Exercise objective ▸ Using the data that follows, output only the lines from the line with "Neben Metall wird" up to and including the line with "Корейский Шик Ретро", exactly, leaving pictures aside.

Exercise material ▸

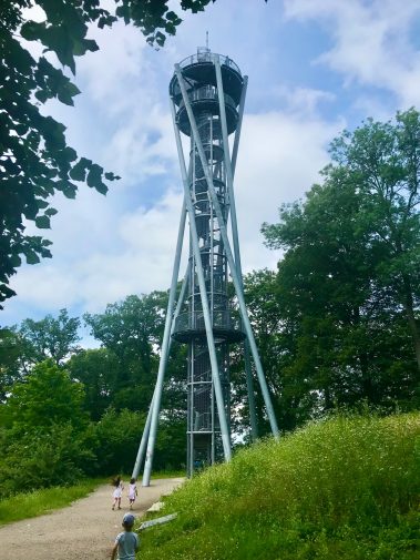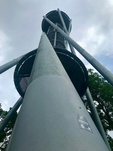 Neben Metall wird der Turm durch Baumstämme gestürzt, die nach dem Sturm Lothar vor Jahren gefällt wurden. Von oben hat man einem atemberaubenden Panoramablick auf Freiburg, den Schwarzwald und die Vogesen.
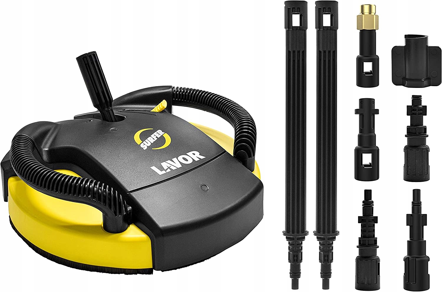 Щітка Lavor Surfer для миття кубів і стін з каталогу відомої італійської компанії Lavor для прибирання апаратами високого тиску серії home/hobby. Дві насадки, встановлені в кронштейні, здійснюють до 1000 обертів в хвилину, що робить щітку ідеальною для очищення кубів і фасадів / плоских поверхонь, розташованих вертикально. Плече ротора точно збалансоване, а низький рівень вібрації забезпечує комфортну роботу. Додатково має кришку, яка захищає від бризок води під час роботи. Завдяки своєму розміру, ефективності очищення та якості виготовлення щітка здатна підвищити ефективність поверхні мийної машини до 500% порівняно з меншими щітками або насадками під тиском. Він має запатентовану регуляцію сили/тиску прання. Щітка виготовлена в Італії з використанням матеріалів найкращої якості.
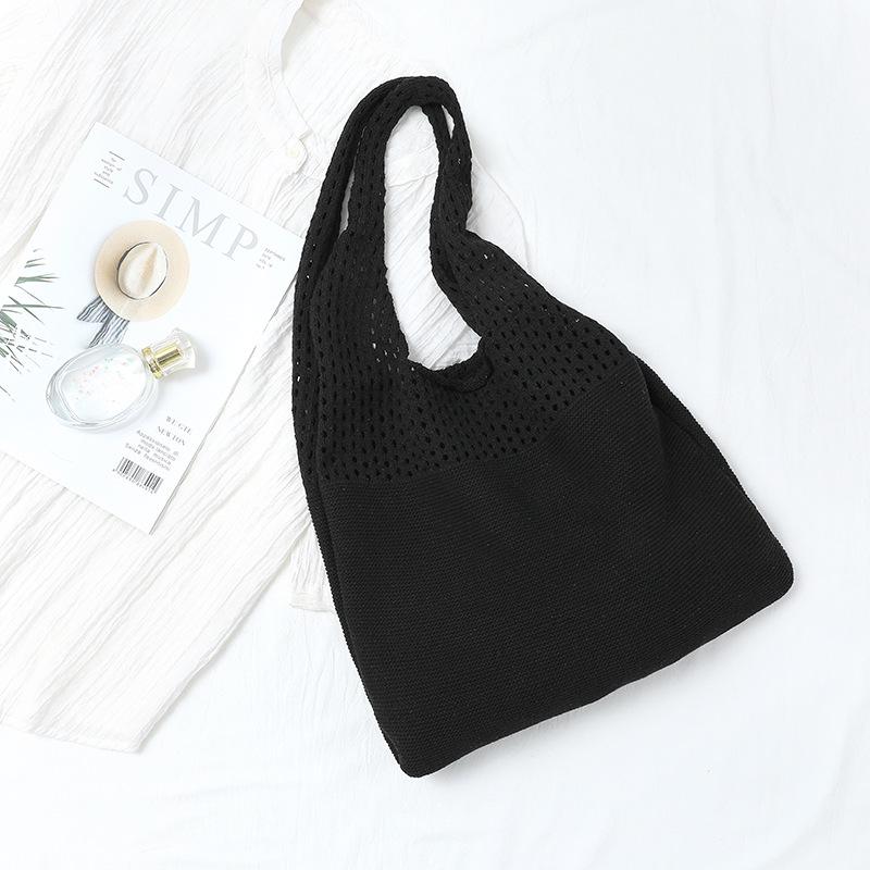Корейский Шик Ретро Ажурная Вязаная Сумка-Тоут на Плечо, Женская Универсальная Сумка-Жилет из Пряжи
--
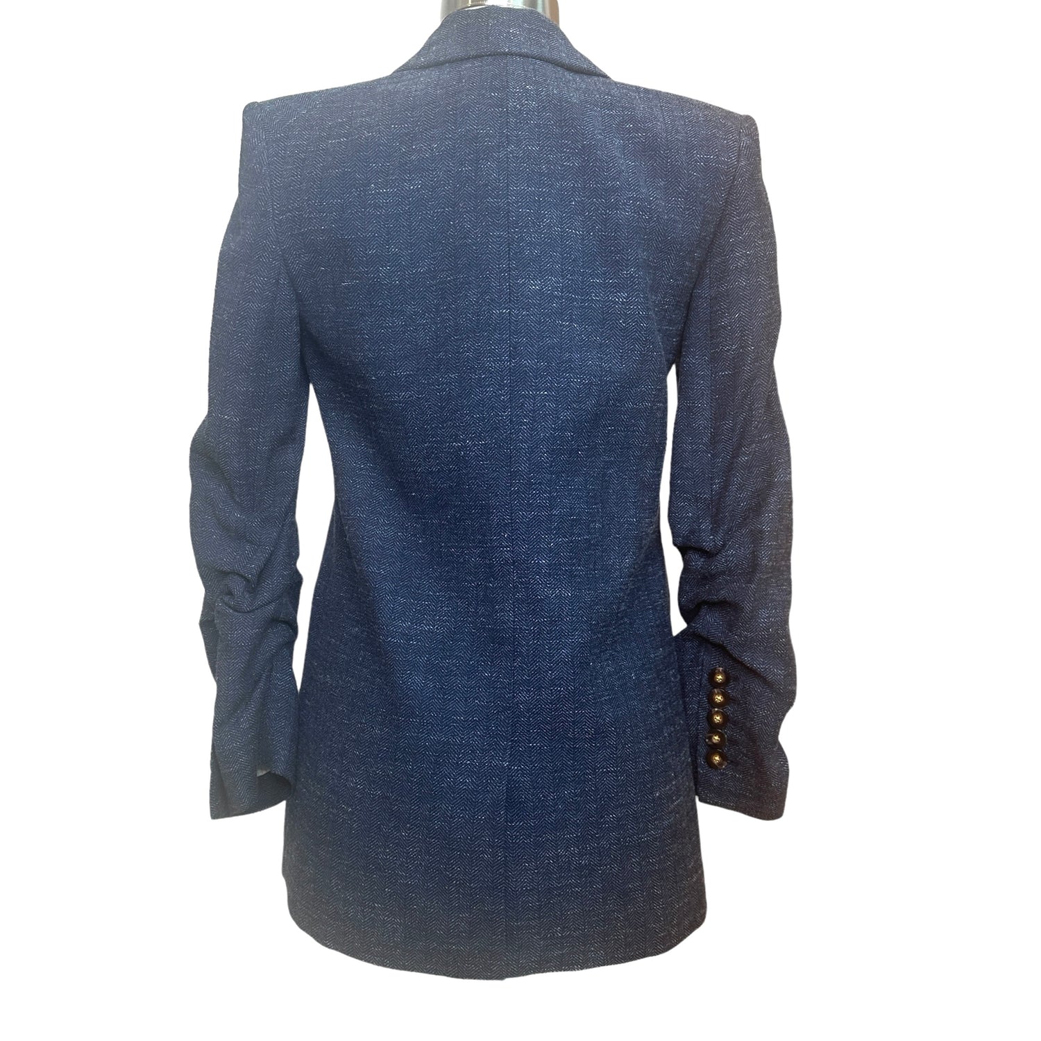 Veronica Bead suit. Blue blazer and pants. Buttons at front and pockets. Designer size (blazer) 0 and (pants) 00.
--
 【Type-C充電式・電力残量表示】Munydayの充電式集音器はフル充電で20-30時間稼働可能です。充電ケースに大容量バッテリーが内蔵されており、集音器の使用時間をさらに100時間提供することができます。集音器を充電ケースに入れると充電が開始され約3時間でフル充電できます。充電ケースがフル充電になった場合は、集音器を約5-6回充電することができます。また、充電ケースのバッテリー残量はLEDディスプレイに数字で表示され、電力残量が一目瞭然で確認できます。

Response below ▸
 Neben Metall wird der Turm durch Baumstämme gestürzt, die nach dem Sturm Lothar vor Jahren gefällt wurden. Von oben hat man einem atemberaubenden Panoramablick auf Freiburg, den Schwarzwald und die Vogesen.
 Щітка Lavor Surfer для миття кубів і стін з каталогу відомої італійської компанії Lavor для прибирання апаратами високого тиску серії home/hobby. Дві насадки, встановлені в кронштейні, здійснюють до 1000 обертів в хвилину, що робить щітку ідеальною для очищення кубів і фасадів / плоских поверхонь, розташованих вертикально. Плече ротора точно збалансоване, а низький рівень вібрації забезпечує комфортну роботу. Додатково має кришку, яка захищає від бризок води під час роботи. Завдяки своєму розміру, ефективності очищення та якості виготовлення щітка здатна підвищити ефективність поверхні мийної машини до 500% порівняно з меншими щітками або насадками під тиском. Він має запатентовану регуляцію сили/тиску прання. Щітка виготовлена в Італії з використанням матеріалів найкращої якості.
Корейский Шик Ретро Ажурная Вязаная Сумка-Тоут на Плечо, Женская Универсальная Сумка-Жилет из Пряжи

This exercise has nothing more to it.